Cardiac magnetic resonance feature tracking in Kawasaki disease convalescence
Objective: The objective of this study was to determine whether left ventricular (LV) myocardial deformation indices can detect subclinical abnormalities in Kawasaki disease convalescence. We hypothesized that subclinical myocardial abnormalities due to inflammation represent an early manifestation of the disease that persists in convalescence. Background: Myocardial inflammation has been described as a global finding in the acute phase of Kawasaki disease. Despite normal systolic function by routine functional measurements, reduced longitudinal strain and strain rate have been detected by echocardiography in the acute phase.
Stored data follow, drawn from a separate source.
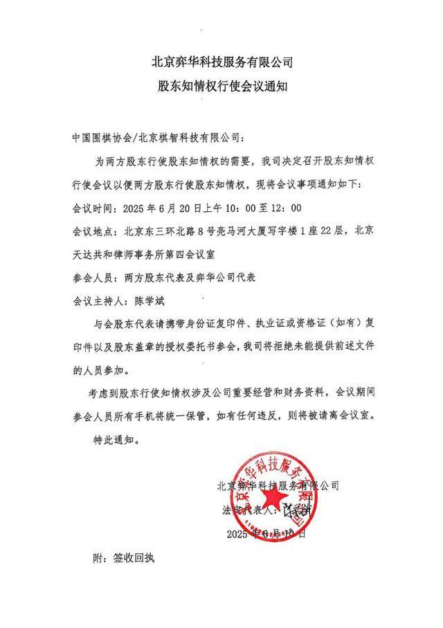 2025年5月28日,棋智公司向弈华公司发去《关于行使股东知情权之通知函》,6月10日,弈华公司回函称愿意配合棋智公司行使股东权利,并于2025年6月20日上午10:00至12:00安排了一次特别会议。“两个小时怎么够查看那么多文件,所以我们再次发函要求他们配合。”由小川表示,“第二次发函后弈华公司称我们没有参加6月20日的会议,就是放弃了权利,近期他们不会再安排相关事宜。”
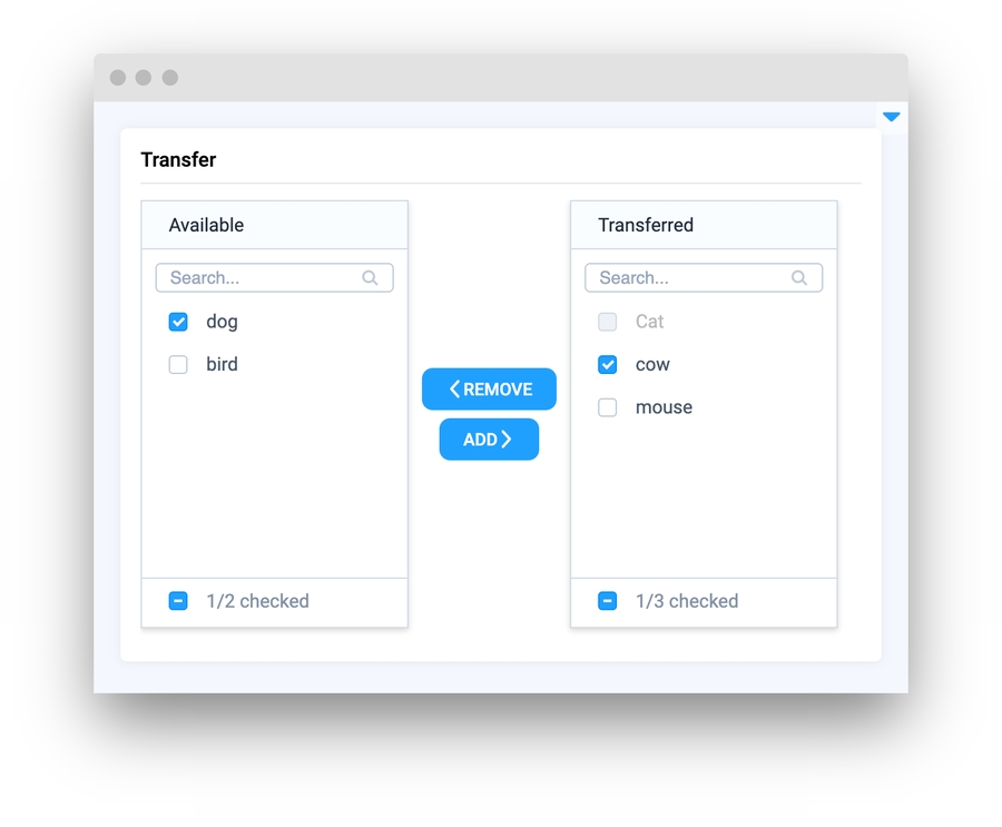 Widgets that facilitate the selection of options from a set, which could include list boxes or radio buttons
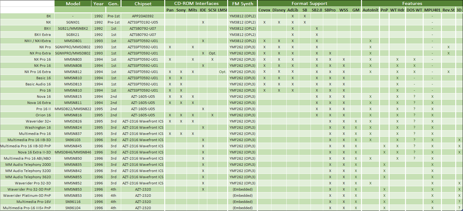 A summary of all the Aztech sound cards for DOS. Click for a larger version
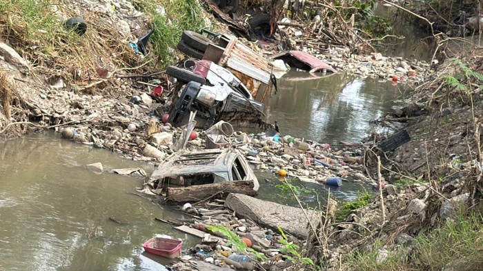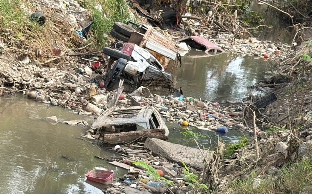 Poza Rica, Ver.- (AVC/Misael Olmedo) En el arroyo “El Hueleque” que atraviesa las colonias 27 de septiembre y Benito Juárez más de cuatro unidades vehiculares que fueron arrastradas por la inundación del 10 de octubre siguen sin ser retirados, generando preocupación entre los vecinos.
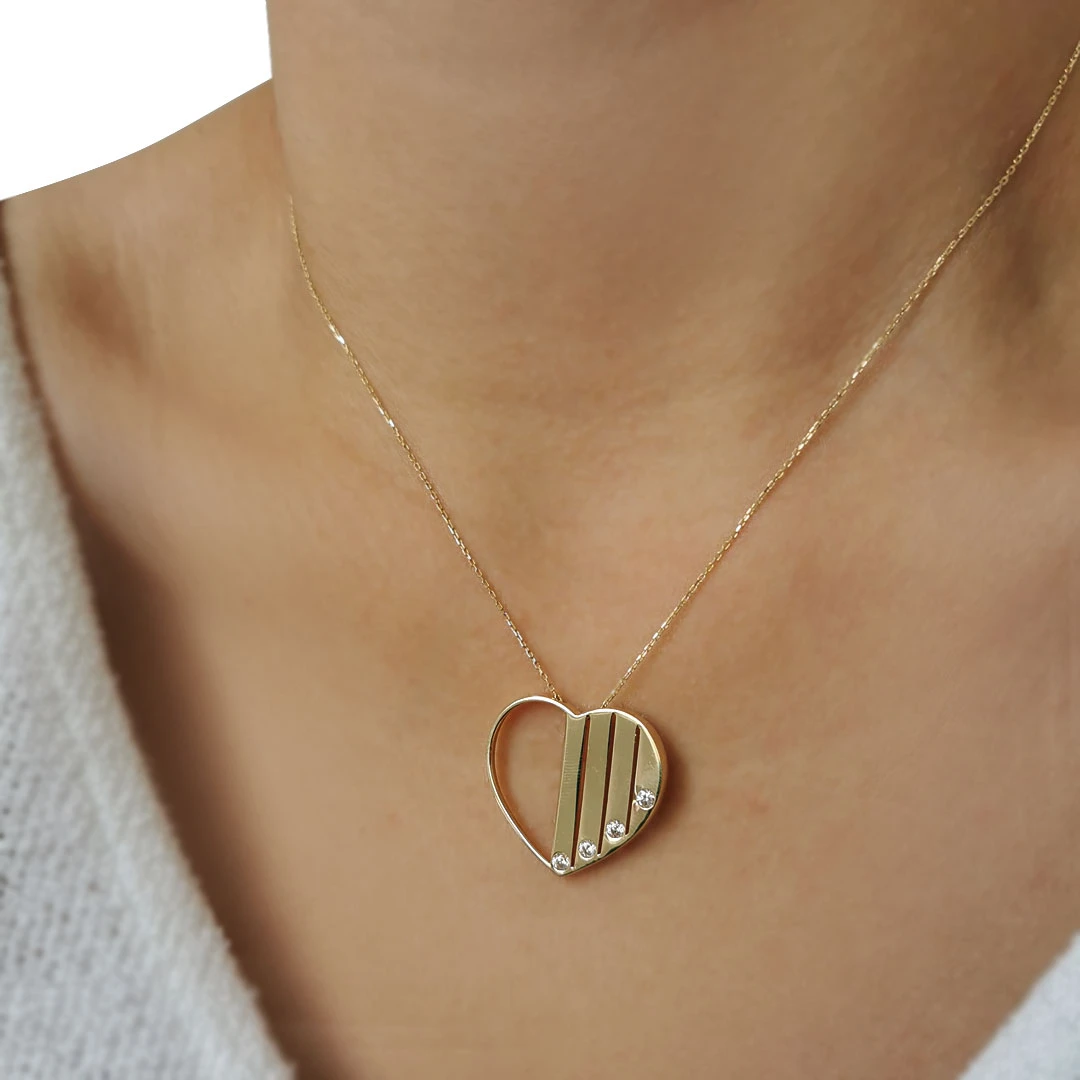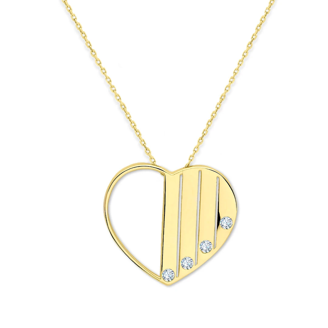 45 Cm zincirli 3.20 gr. 2.4 cm boyutunda zirkon taşlı model 14 ayar altın şık ve hoş bir duruşa sahip kalp kolye. *Ürünlerimiz faturalıdır güvenle satın alabilirsiniz, özel hediye kutusunda ücretsiz kargo ile gönderilecektir.
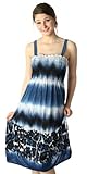 Versatile knee length dress features fun colorful prints, a smocked bust and two shoulder straps.
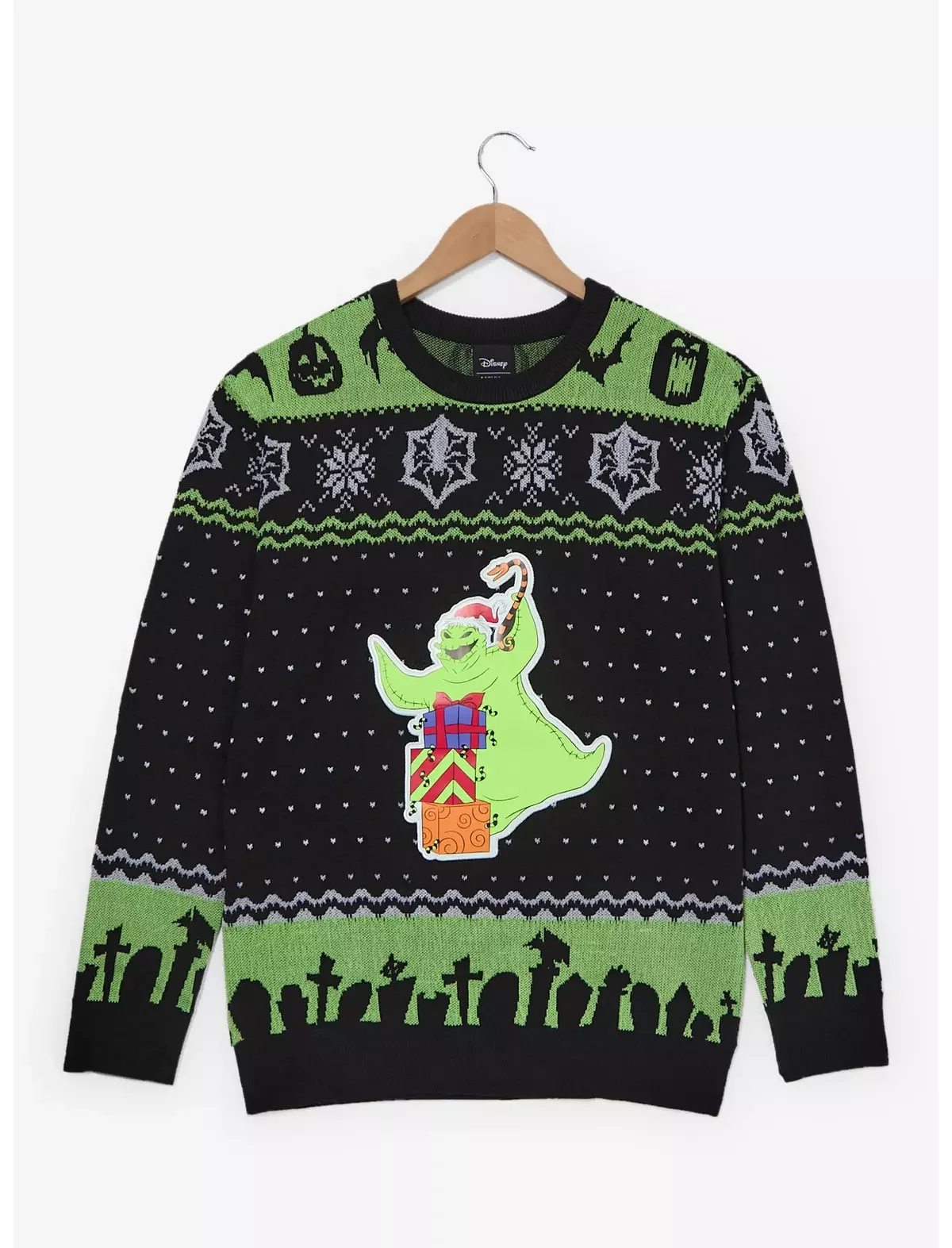 Spooky meets cozy in the best possible way. This holiday sweater brings Nightmare Before Christmas energy straight to your ugly sweater party — perfect for fans who like their Christmas cheer with a side of Halloween Town — available exclusively at BoxLunch.
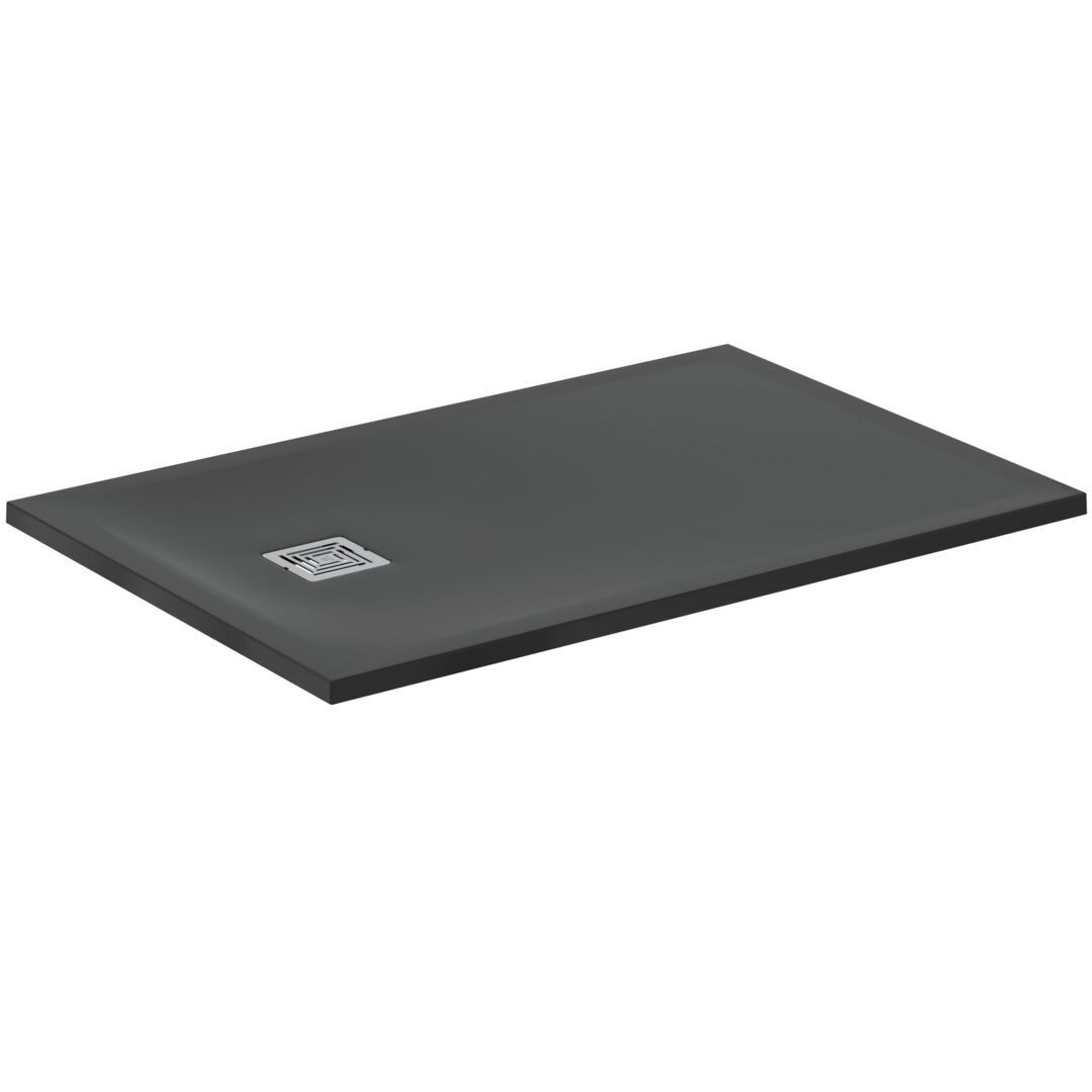 Sprchová vanička UltraFlat S + z materiálu IdealSolid farba čierna a špeciálnou povrchovou reliefnou vrstvou GelCoat.  Vzhľad povrchu imituje hrubo otesaný kámeň. Protišmyk trieda C podľa normi EN 51097. Dodávané vrátene designového krytu z nerezovej oceli.
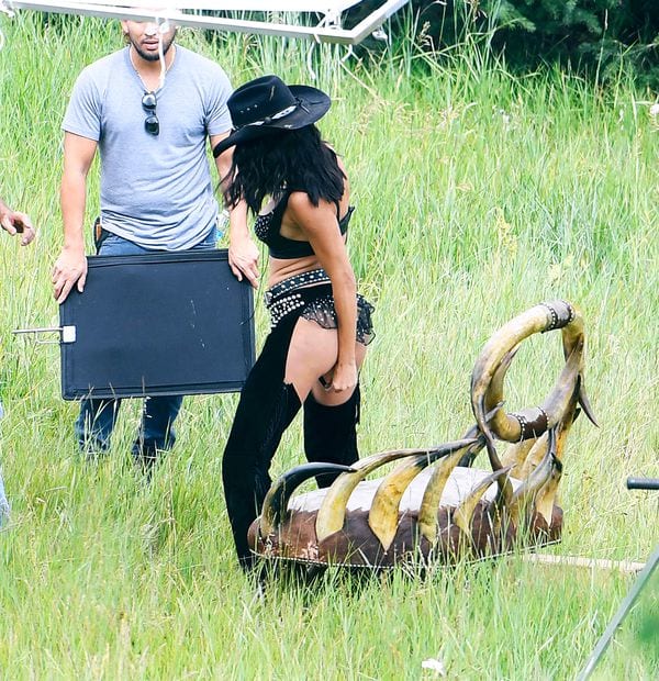 Junto a su compañera Alessandra Ambrosio posaron como una sexies rancheras. Las modelos lucieron unos sensuales atuendos de cuero en el set de filmación.
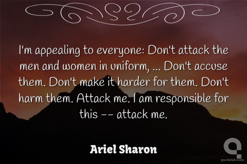 I'm appealing to everyone: Don't attack the men and women in uniform, ... Don't accuse them. Don't make it harder for them. Don't harm them. Attack me. I am responsible for this -- attack me.

Methods and Results: Peak systolic LV myocardial longitudinal, radial, and circumferential strain and strain rate were examined in 29 Kawasaki disease convalescent patients (15 males; mean [standard deviation] age: 11 [6.6] years; median interval from disease onset: 5.8 [5.4] years) and 10 healthy volunteers (5 males; mean age: 14 [3.8] years) with the use of cardiac magnetic resonance (CMR) feature tracking. Routine indices of LV systolic function were normal in both groups. Comparisons were made between normal controls and (i) the entire Kawasaki disease group, (ii) Kawasaki disease subgroup divided by coronary artery involvement. Average longitudinal and circumferential strain at all levels was lower in patients compared to normal controls. In subgroup analysis, both Kawasaki disease patients with and without a history of coronary involvement had similar longitudinal and circumferential strain at all levels and lower when compared to controls. There were lower circumferential and longitudinal values in Kawasaki disease patients with persisting coronary artery lesions when compared to those with regressed ones. Conclusion: In this CMR study in Kawasaki disease convalescent patients with preserved routine functional indices, we detected lower circumferential and longitudinal strain values compared to normal controls, irrespective of the coronary artery status.